As it turns out, there was never anything to worry about. Ballard, for all his flaws, has acquired something of a bum rap since becoming the knob-twiddler du jour in the mid ‘90s. The popular knock against him now is that he’s an intrusive producer, but don’t forget, this is a guy who went from doing Jack Wagner albums in the ‘80s to shepherding Alanis Morissette’s rise to stardom a decade later. You don’t get from “All I Need” to “You Oughta Know” without a certain amount of flexibility, and on this collection, Ballard’s presence is not only benign, it might even have been crucial.

Annie Lennox

More than any of her previous solo albums, Destruction hearkens back to Lennox’s Eurythmics albums – tracks such as “Coloured Bedspread,” “Love Is Blind” and “Ghost in My Machine” bristle with the strident electro-pop energy of earlier ass-kicking numbers like “Missionary Man,” and the icy splash of Ballard’s production provides a 21st-century echo of the classic records Lennox turned out with Dave Stewart. We’re talking a matter of degrees, of course – it isn’t as if Lennox made a 180-degree turn after striking out as a solo artist – but the difference, however slight, will be felt by longtime fans. It’s as though Lennox realized that, with Bare, she’d presented herself as nakedly personal – as purely solo – as she’d ever be able to, and the time was right for a retrenching of earlier artistic statements.

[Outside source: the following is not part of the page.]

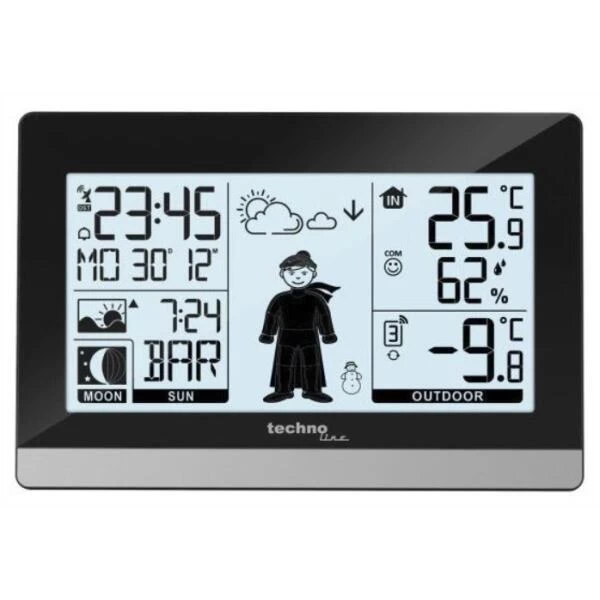 Dit weerstation ‘Weatherboy’ (WS9612) voorziet je van alle nodige informatie omtrent de weersomstandigheden. Het toestel vermeldt de radiografische tijd (DCF-77) maar heeft ook de mogelijkheid tot het handmatig instellen (12/24h tijdsaanduiding). Zowel de binnen- als de buitentemperatuur wordt weergegeven op het display met een minimum en maximum vermelding. Zowel datum als weekdagaanduiding kunnen worden ingesteld in 7 talen. Verder worden de luchtvochtigheid binnenshuis, de maanfase, de zonsondergang en -opgang weergegegen. Het aantal zonne-uren kan worden weergegeven in 165 wereldsteden.

Vocally, Lennox remains the same flawless, vaguely terrifying porcelain machine she’s always been, wandering the same hellish valley of heartbreak and loneliness that seem to have motivated every song she’s ever written. It goes without saying that this is not a happy album – in fact, Lennox may not have ever written a happy song – but if it’s raw emotion you’re looking for, flawlessly expressed and beautifully arranged, then Songs of Mass Destruction is the tonic for what ails you.

The majority of the buzz surrounding this album will have to do with “Sing,” a for-charity feminist anthem for which Lennox recruited a ridiculous choir of well-known backing vocalists. Ever heard of Beth Gibbons, Madonna, Celine Dion, Beth Orton, Angélique Kidjo, Shakira, Sarah McLachlan, Faith Hill, Fergie, Beverley Knight, Martha Wainwright, k.d. lang, Shingai Shoniwa, KT Tunstall, Bonnie Raitt, Dido, Gladys Knight, Anastacia, or Melissa Etheridge? They’re all here. It’s a nifty promotional hook – and a no-brainer choice for the first single – but it’s far from the best song on the album; a year from now, fans are far more likely to be trawling the emotional depths of searing tracks such as “Lost.” If “Sing” gets Lennox back on the radio, though – and moves a few copies of Songs of Mass Destruction through the retail pipeline – so much the better; whichever angle you approach it from, the album deserves to be heard.